The timers feature of the glu agent allows you to schedule a timer, defined by a piece of code (a closure), which is executed at regular intervals. The agent manages timers appropriately, taking care of running them for you and restarting them in the event that the agent restarts. The full api of the timers feature can be found on github. Here is how you schedule and cancel a timer in a glu script:

class MonitorScript
{
  def monitor = {
    // code that will run every 5s
 }

 def start = {
   timers.schedule(timer: monitor, repeatFrequency: "5s")
 }

 def stop = {
   timers.cancel(timer: monitor)
  }
}

The code defined in the monitor closure will be executed with the frequency defined at scheduling time until cancelled.

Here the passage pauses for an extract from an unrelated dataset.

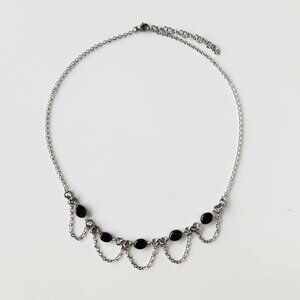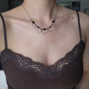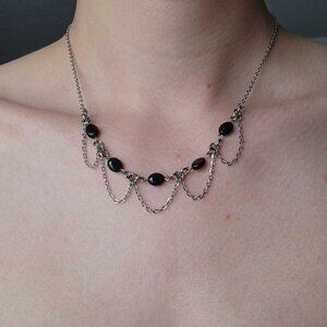Gothic victorian black onyx chandelier necklace with small silver chain

Adding monitoring code to the script

Now that we have timer, we can add the monitoring code. For the sake of this blog post, we will simply execute the uptime shell command.

class MonitorScript
{
  def monitor = {
    log.info shell.exec("uptime")
 }

 def start = { timers.schedule(timer: monitor, repeatFrequency: "5s") }
 def stop = { timers.cancel(timer: monitor) }
}

Here is the result of running this script: every 5 seconds, a message containing the output of the uptime command gets displayed in the agent log file.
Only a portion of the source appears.